BOEM is planning to set the royalty rate at 12.5% for leases where water depths are less than 200 meters (656 feet) for the Gulf sale set for Aug. 16 in New Orleans, lower than the 18.75% royalty rate proposed earlier. The royalty rate for lease sales in territory at depths greater than 200 meters will stay at 18.75%.

"The purpose of this change is to adjust the royalty rate to reflect recent market conditions, thereby encouraging competition and continuing to receive a fair and equitable return on oil and gas resources," BOEM said in earlier this month.

Additionally, BOEM is exploring the idea of moving to a price-based royalty system that would aim to provide an incentive to lessees through lower royalty rates in times of lower oil prices, while also ensuring the federal government receives a greater return for resources when prices are high.

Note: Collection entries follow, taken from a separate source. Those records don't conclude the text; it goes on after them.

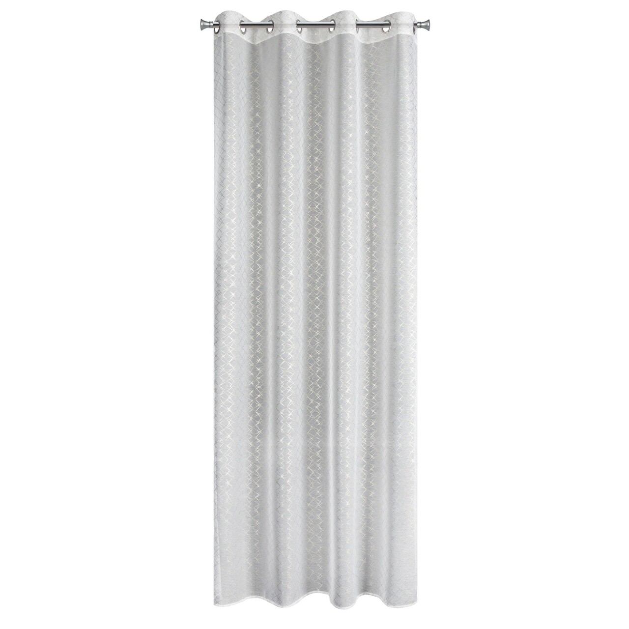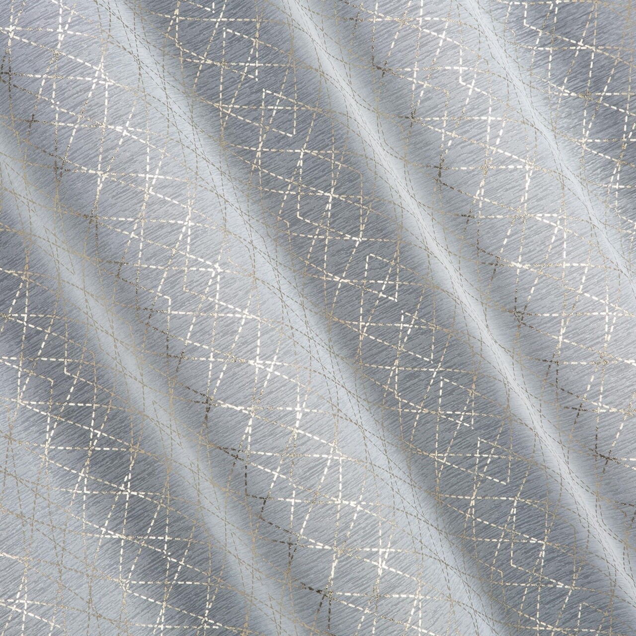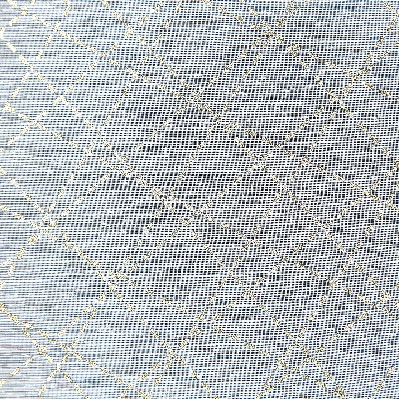 A fehér Fibi függöny teljes felületén modern elemekkel díszített, geometrikus aranynyomat formájában.
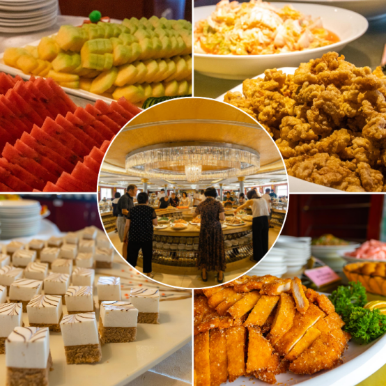 包含全程餐食:遊輪自助主餐廳+VIP餐廳分流用餐,中西自助每天換主題、變花樣,深夜食堂開到23:00,一天吃5頓;
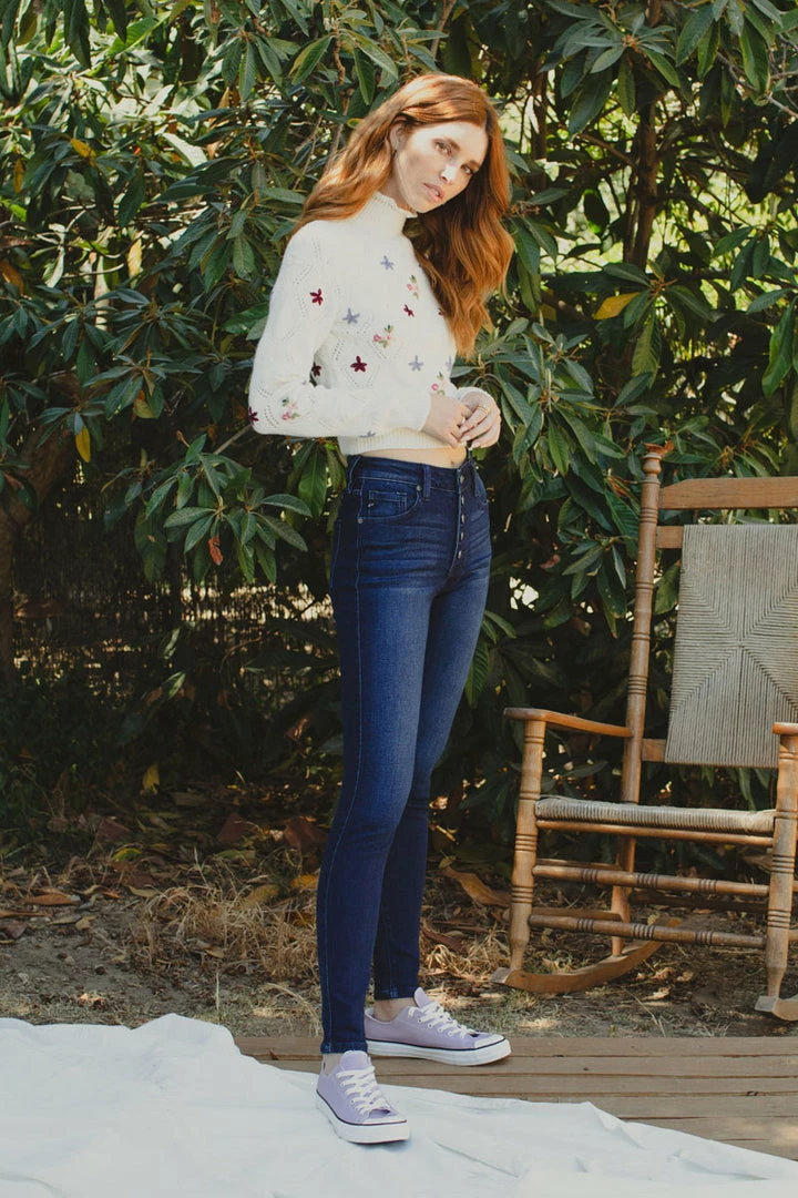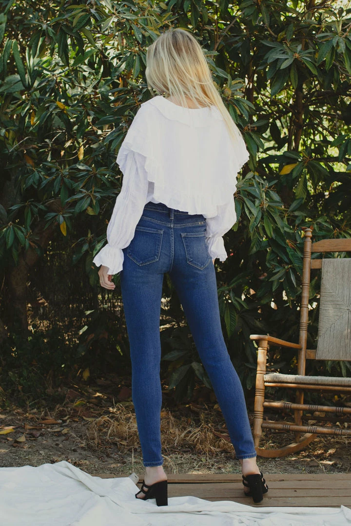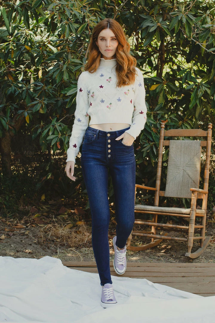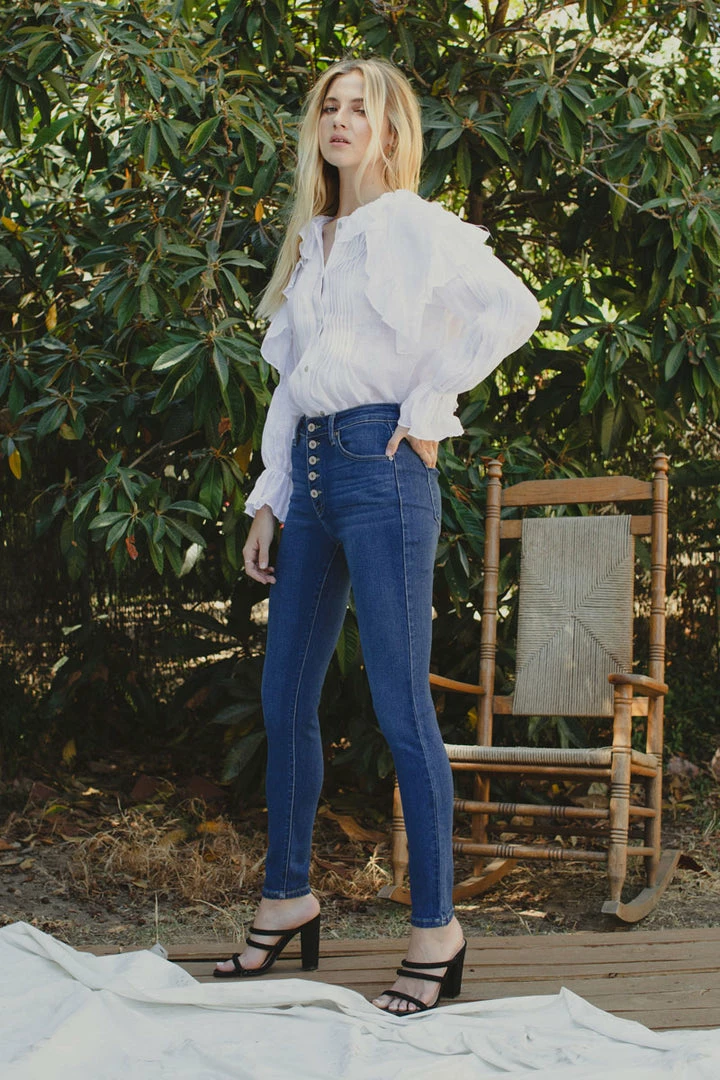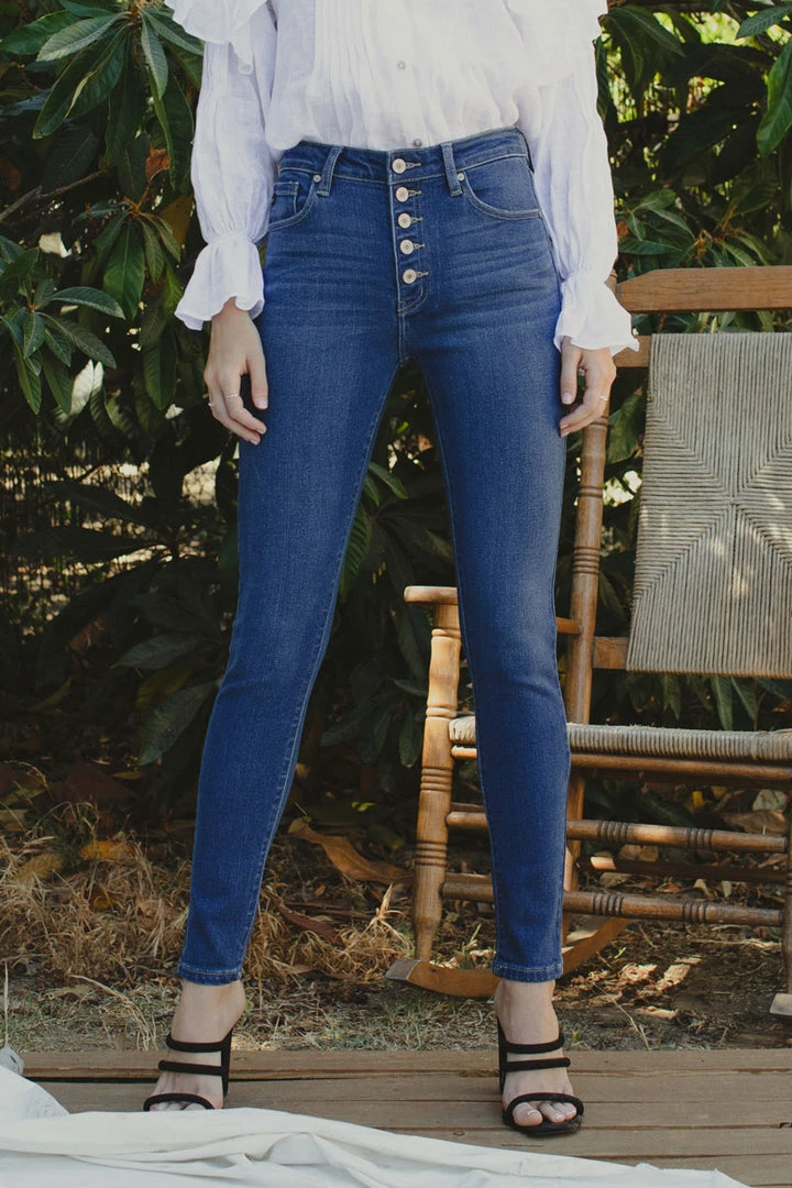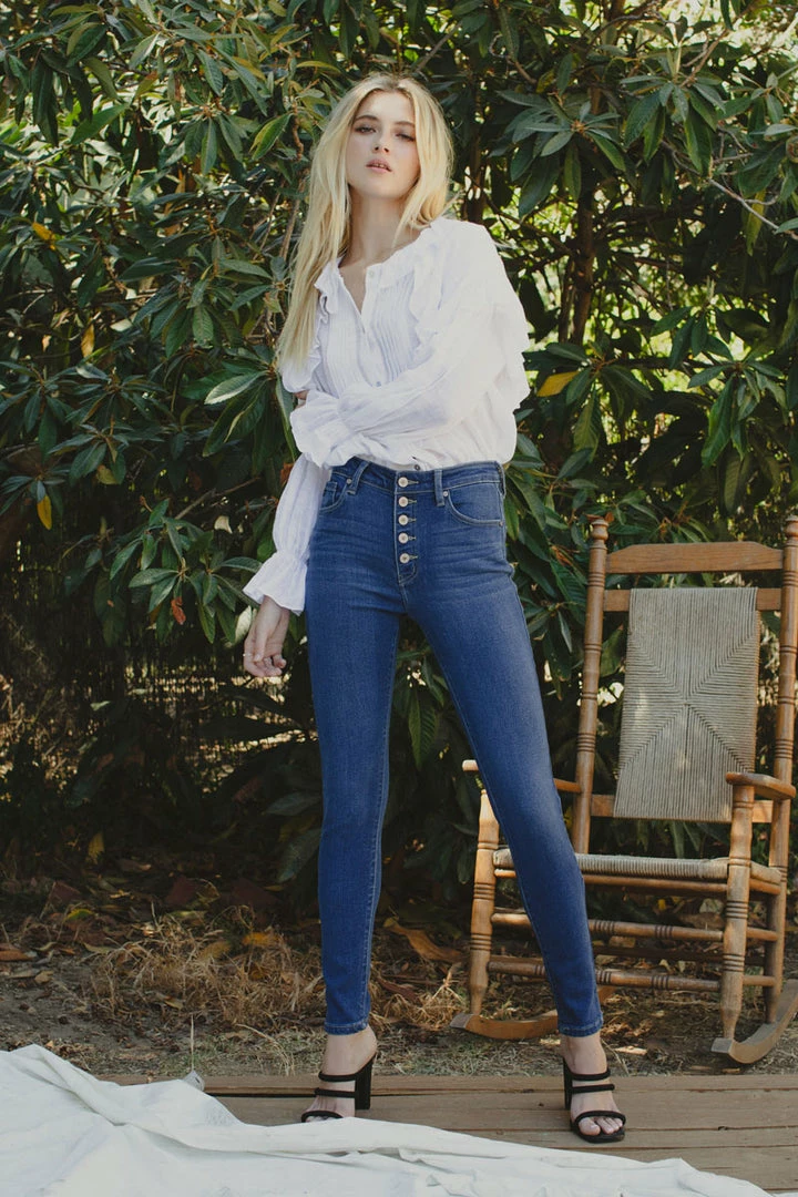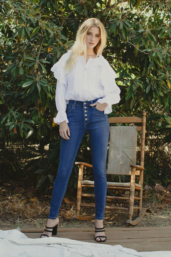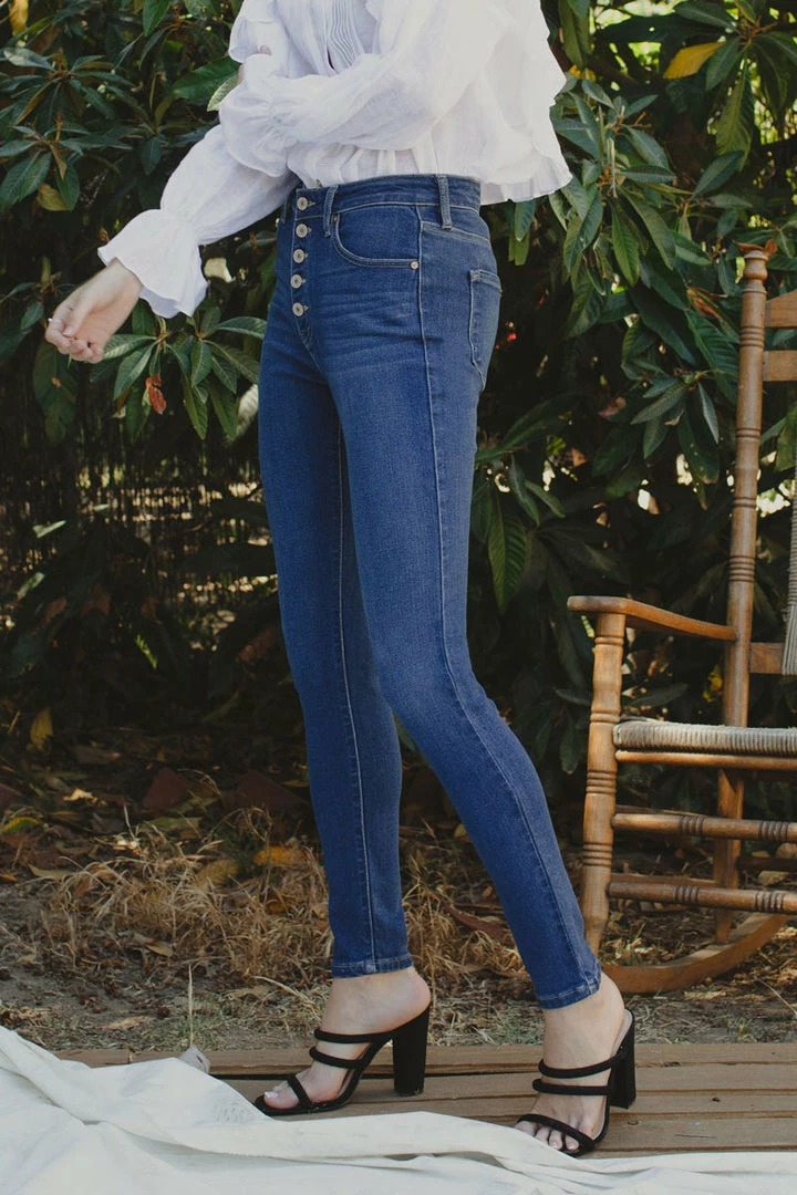 How cute is this button-down super skinny? Rock it with any of your favorite tops! Featuring whiskering, fading, a 5-pocket design, and a 5 piece button closure.

The move aligns with several steps the US Department of the Interior, which houses BOEM, is taking to facilitate greater interest in leasing in federal land and waters.

Last month, Interior initiated public comment on ideas for opening areas in the Atlantic, Pacific and Arctic, where drilling is currently limited or prohibited, in a new 2019-24 leasing plan. The plan is to look at all 26 planning areas in the Outer Continental Shelf (OCS), including those currently unavailable for leasing ( OD Jul.3'17 ).

And, earlier this year, the department launched an external review of whether taxpayers receive maximum benefits from royalties collected from oil, gas and coal development on federal and Indian lands ( OD Apr.4'17 ).

The bureau said it made the decision to lower shallow-water royalty rates after "careful consideration of market conditions."

"In particular, hydrocarbon price conditions and the marginal nature of remaining [US Gulf] shelf resources suggest a royalty rate reduction is an appropriate and timely action," BOEM said.

Lowering the shallow-water royalty rate allows BOEM to target the Gulf shelf where exploration and production is most in decline and where critical infrastructure already exists, the notice said.

The sale is slated to include unleased blocks that are located from 3 miles offshore to the outer limit of the outer continental shelf in the Western, Central and Eastern Gulf at depths ranging from 3 meters to more than 3,400 meters.

BOEM's decision follows a US Government Accountability Office report issued last month finding that raising onshore royalty rates -- not lowering them -- may lead to increases in overall federal revenue even if it led to a slight reduction in oil and gas production on public lands.

In a Wall Street Journal opinion piece Sunday, Merrill Matthews of the conservative think tank Institute for Policy Innovation highlighted the differences in production and royalty rats between federal and state lands.

He cited Congressional Research Service data showing that federal lands production went from 1.57 million barrels per day in 2008 to 1.955 million b/d in 2015, far lower than the jump from 3.5 million b/d to 7.5 million b/d seen on state and private lands.

"Lower energy prices contributed to the decline," in federal lands production from 2015 to 2016, "but so did the Obama administration’s roadblocks on drilling-permit applications," making it more profitable for drillers to look to state and private lands even with higher royalty rates, Matthews wrote.